100 Million IoT Devices Affected by Zero-Day Flaw, Including Medical Devices

A high-severity zero-day vulnerability in the Internet-of-Things (IoT) open-source platform NanoMQ has put more than 100 million devices at risk of attack.

NanoMQ by EMQ is a real-time IoT monitoring platform that is used to delivers alerts when abnormal activity is detected in IoT devices. The platform is used in many settings, including industrial systems, manufacturing, healthcare, automobiles, and many more. The vulnerability, which has not been assigned a CVE, was given a CVSS severity score of 7.1 out of 10.

Researchers at Guardara discovered multiple issues with EMQ NanoMQ that caused the product to crash. The researchers explained that any IoT device that uses EMQ NanoMQ could be attacked and brought down completely. While device crashes may not cause major problems in some settings, the implications could be serious. For instance, the platform is used in conjunction with medical devices for monitoring unusual activity when patients leave hospital and for detecting fires.

This issue is due to a flaw in EMQ’s implementation of MQTT, the messaging protocol standard for IoT. MQTT is a lightweight publish/subscribe messaging transport that is used for connecting remote devices. It has a small code footprint and requires minimal network bandwidth and has been used in many settings that require low-bandwidth smart sensors.

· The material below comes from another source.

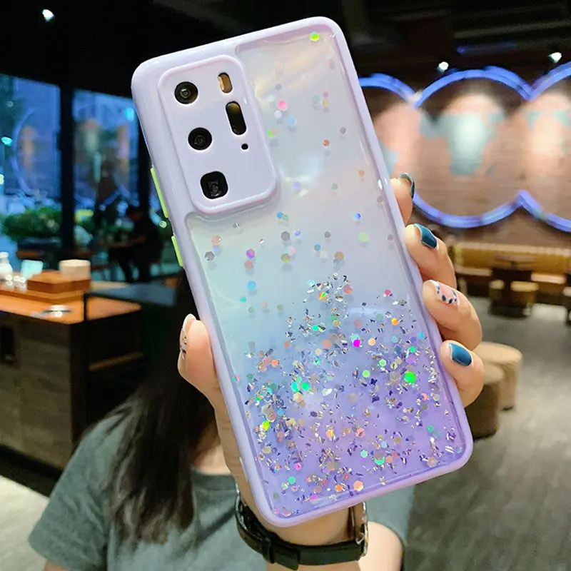 Градиентный блестящий чехол для телефона Samsung A72 A52 A32 5G S21 S20 S21FE Note 20 A02S0 мягкая эпоксидная Защита камеры прозрачная задняя крышка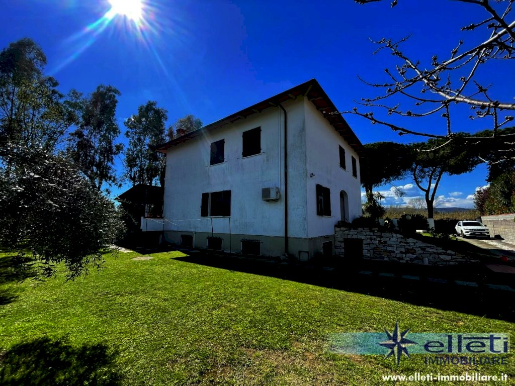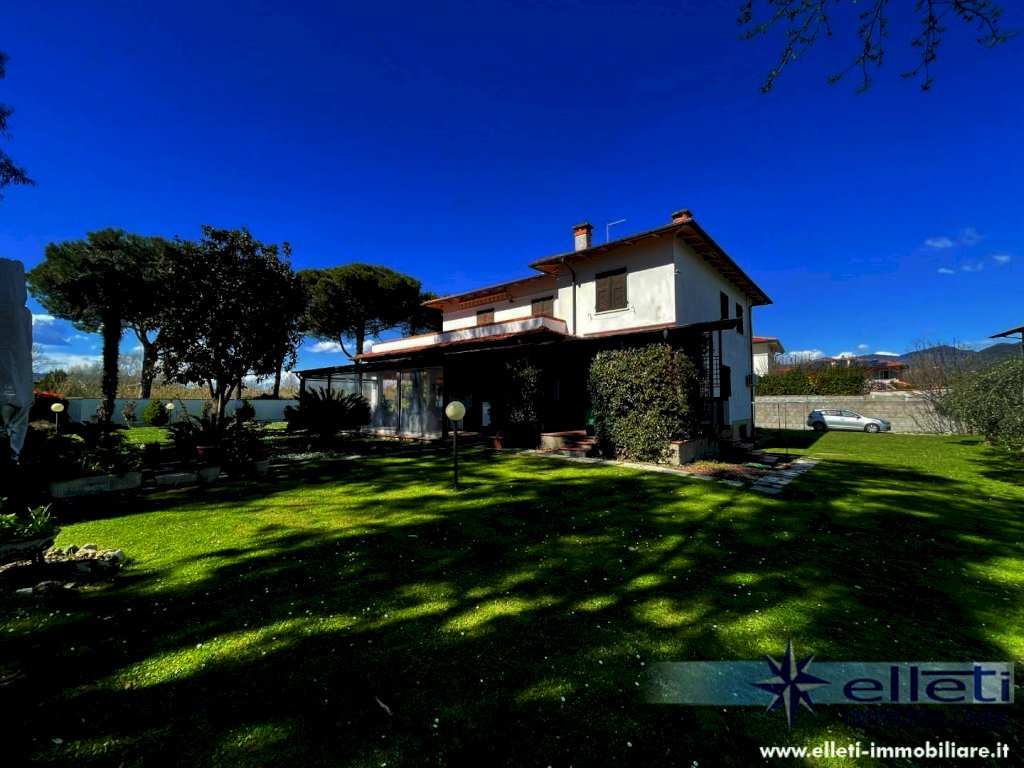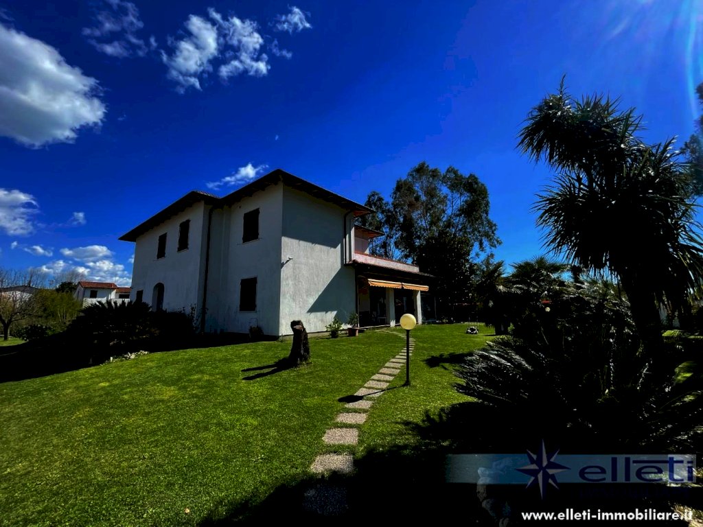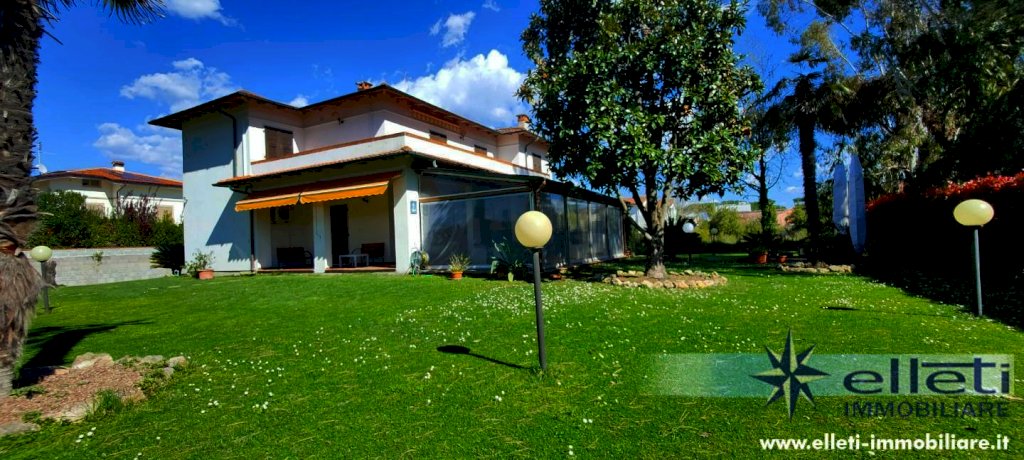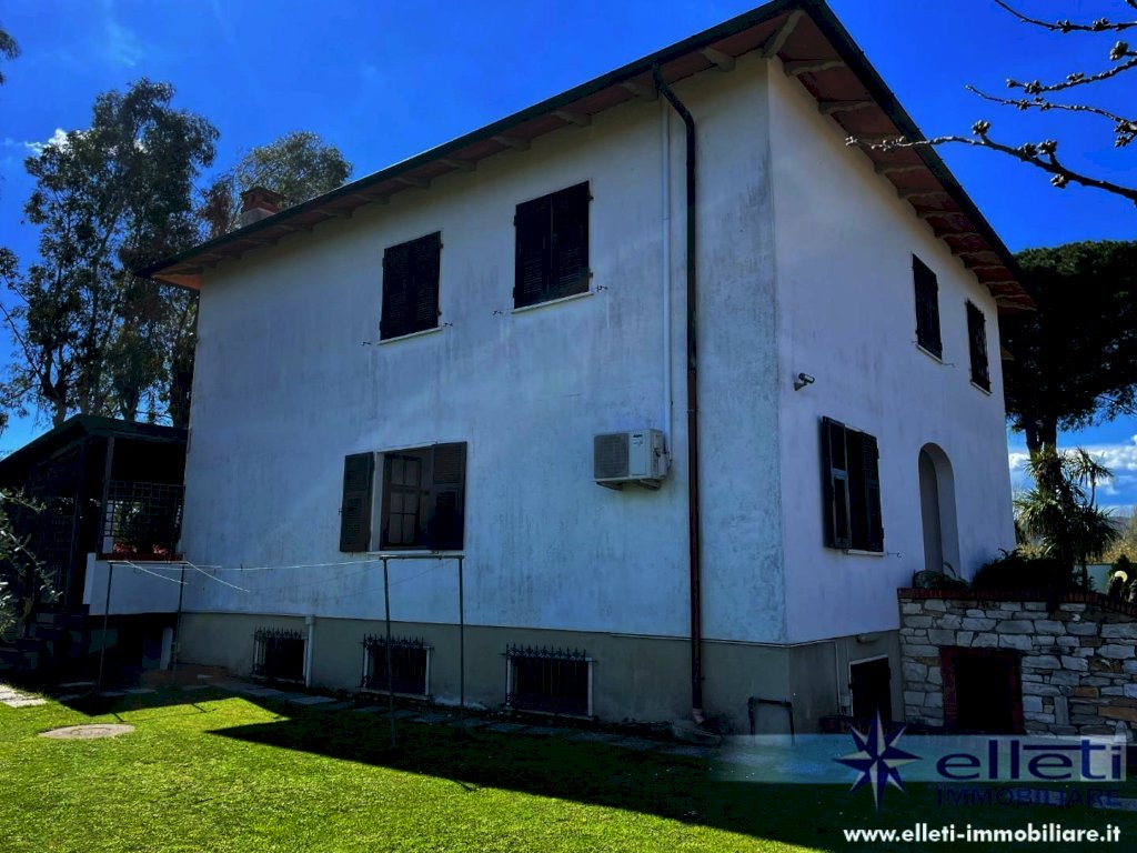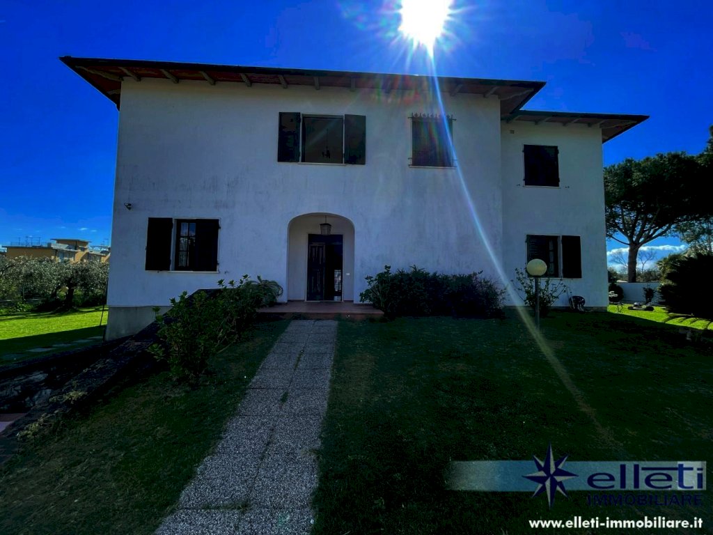 MARINA DI CARRARA - A circa 400 metri dal mare e in posizione riservata, si vende villa singola di circa 300 mq disposta su due livelli. L'immobile, che è posizionato all'interno di un lotto di proprietà esclusiva di 1700 mq si contraddistingue per fascino e comodità degli ambienti. Al suo interno è composto da ingresso su ampia sala con camino, sala pranzo, cucina abitabile, bagno ed una camera al piano terra. Tramite bellissima scala in marmo si accede al piano primo composto da cinque camere matrimoniali ognuna di esse con bagno esclusivo ed una terrazza d'angolo di circa 50 mq. Completa la proprietà uno splendido portico ideale per pranzi e cene all'aperto. Vari posti auto. L'immobile risulta in buono stato di manutenzione è abitabile fin da subito. Rif. M76.

The issue with EMQ’s NanoMQ is the MGTT packet length, as the researchers explained, “when the MQTT packet length is tampered with and is lower than expected, a ‘memcpy’ operation receives a size value that makes the source buffer location point to or into an unallocated memory area.” This causes NanoMQ to crash. “Suspected that the unusual packet length ‘msg_len’ is a smaller value than ‘used_pos,’ therefore the subtraction results in a negative number. However, ‘memcpy’ expects the size as ‘size_t,’ which is unsigned. Therefore, due to the casting of a negative number to ‘size_t’, the length becomes a very large positive number (0xfffffffc in case of this proof of concept),” said researcher Zsolt Imre.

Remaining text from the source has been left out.